Noli Me Tangere


The full moon woke her at four AM. The moon's voice whispered, "Wake up, meditate, become pure light."

So she wandered through the wetlands, disturbing the frogs and mallards, until she came to the wild grove of apple trees and the tomb, the tomb of the past, where they try to bury Masters.

The tomb was empty. Something like a breath had rolled the stone away from Mary's heart. She wept with joy in the garden of the present moment.

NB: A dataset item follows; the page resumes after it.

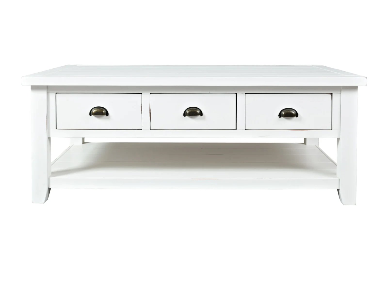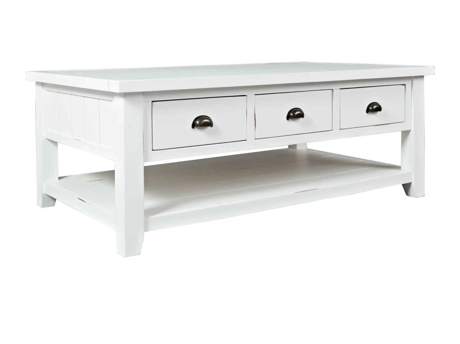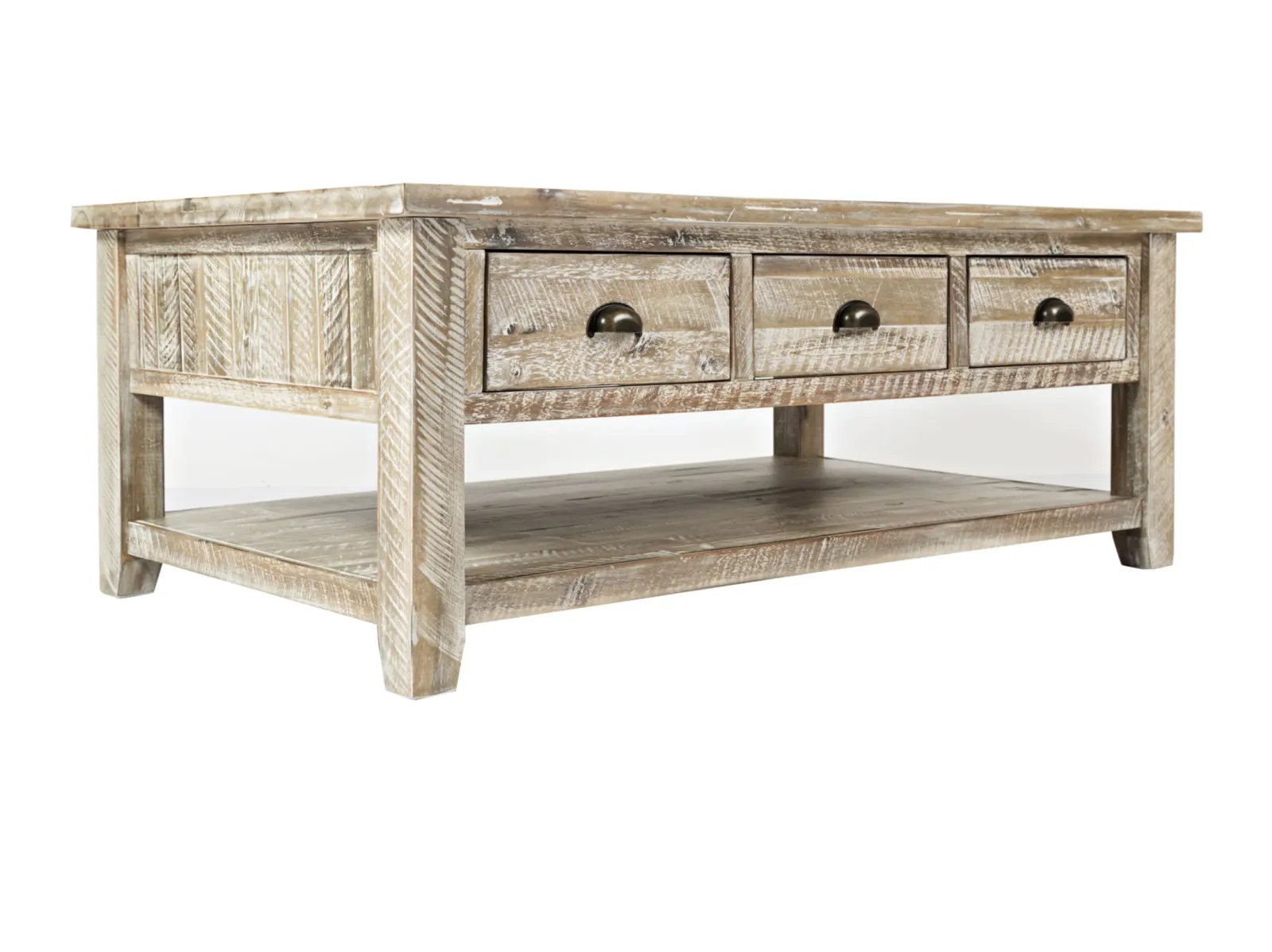 & Free ShippingThe Atticus Collection has been carefully hewn to showcase the rich character of its Solid Hardwood construction. Each piece features entirely unique distressing and personality- bringing vibrant accent pieces to any room in the home. This coffee table features three drawers, a shelf, and casters.

Now he is walking toward her among the first Spring flowers, still crystaled with snow. As she reaches out her hand to touch him, he says, "Noli me tangere: do not cling to me!"

Of all hard lessons in the Magdalene's life, this is the hardest. For she loves his form, his glance, the sensuous sway of his white seamless garment, and his tender sandaled feet.

But he is a true master, and a true master says, "Do not worship my form. I am not this face, this gaze. I am not a white robe dancing in the moonlight. I am the burning in your chest. I am your own radiance. Worship the one who shines from the center of your heart. That is who I Am."

"But master, before I met you, I was asleep."

"Mary," Jesus says tenderly, "I gave you a little breath of light. Now you must do your own awakening."

This how Mary becomes an ecstatic outcast, a joyous orphan without a church, a child of moonlight, a paramour of the Lover Within.